Вдруг со стороны медсанбата до него донеслись какие-то голоса, а через несколько секунд оттуда же потянуло и чем-то аппетитным. Тут же его желудок откликнулся на это безобразие громким бурчанием.
— Это как же так, Илья Степанович, разве могет такое человек? — спросил чей-то простуженный молодой голос. — Вы сами посудите, вышел он налегке вечор, сразу после того, как немец угомонился, и пришел только на третий день, — говоривший сделал небольшую паузу, словно пытался подчеркнуть важность своих слов. — Три дня там был! Мы с Иванычем тогда на часах стояли… Слышим, ползет кто-то с нейтрала. Я с плеча винтовку скидываю и негромко так спрашиваю — кто идет? Нас до этого еще предупредили, что разведку надо ждать…
Лейтенант заинтересованно слушал, вновь привалившись к стенке окопа. Смолкнувший голос на несколько минут сменился хриплым и продолжительным кашлем.
— Ты ртом то не дыши, — покровительственно пробурчал второй, в голосе которого Мареев узнал старшину из пополнения. — Воздух горло обжигает.

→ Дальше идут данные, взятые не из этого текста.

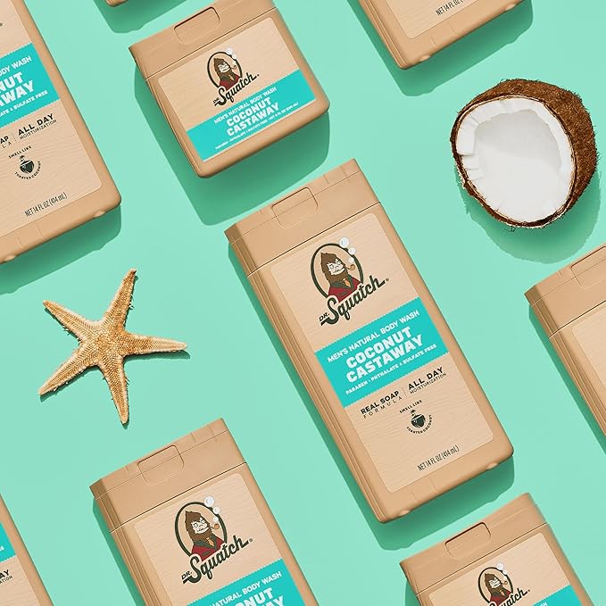 Dr. Squatch NEW Body Wash and Deodorant for Men Gift Set | No Paraben, Phthalate, Sulfate | Odor-Squatching, Aluminum-Free | Coconut Castaway Body Wash (8 oz, 3-Pack) & Deodorant (2.56 oz, 2-Pack)

— Дерет, проклятый, вздохнуть больно, — откашлявшись грустно ответил первый. — … Так вот, спрашиваю я — кто это? Стоять мол, а то стрелять буду! А тот молчит, гад! Ну думаю, стрельну сейчас… Я только выглянул, а меня как швырнут к стенке! Раз! Думал, дух выбьет! Оглянуться не успел, как этот спрыгнул вниз и мешок свой скинул на землю, — в голосе рассказчика буквально звенела обида, что его, такого справного бойца, да еще на посту, смог кто-то спеленать. — Стоит, лыбиться, а с черной морды глаза свои пялит. Чуть от страха не окочурился, хорошо Иваныч сзади подбежал на подмогу.
— И что? — в этот момент лейтенант узнал самого рассказчика — это был рядовой Авдеев, схлопотавший в свое время срок за кражу яловых сапог у одного майора. — Скрутили диверсанта-то?
— Ха! — рассмеялся боец, звякнув чем-то металлическим во время этого. — Скрутишь его, как же?! Он и Иваныча отоварил по башке! Так я, Илья Степанович, к чему веду-то. Пока хлобуздал он нас, мешок порвался… Чей, чей? Его, конечно! Ногой его Иваныч задел, да так смачно, что порвался он!
Алексей, стараясь чтобы снег не скрипел, подошел к краю окопа, за которым был поворот к медсамбату. Видимо, оба бойца несли обед для своего взвода и присели перекурить.
— Я глядь, а из него сыпется что-то блистющее, — голос паренька задрожал. — Ну, думаю, гроши приволок к нам! Цельный мешок грошей от немчуры, представляешь, Илья Степанович! И, это за здорово живешь, на тебе и распишись… Оказалось, тю! Немецкие люминивые железки.
Задубев от неподвижного стояния (его-то в отличие от спрятавшихся в закутке бойцов отлично продувало ветром), Мареев переступил с ноги на ногу. Ему показалось, что он уже что-то подобное слышал — и про странного разведчика, и про кучу немецких алюминиевых посмертных медальонах. Вот только что именно, лейтенант вспомнить никак не мог.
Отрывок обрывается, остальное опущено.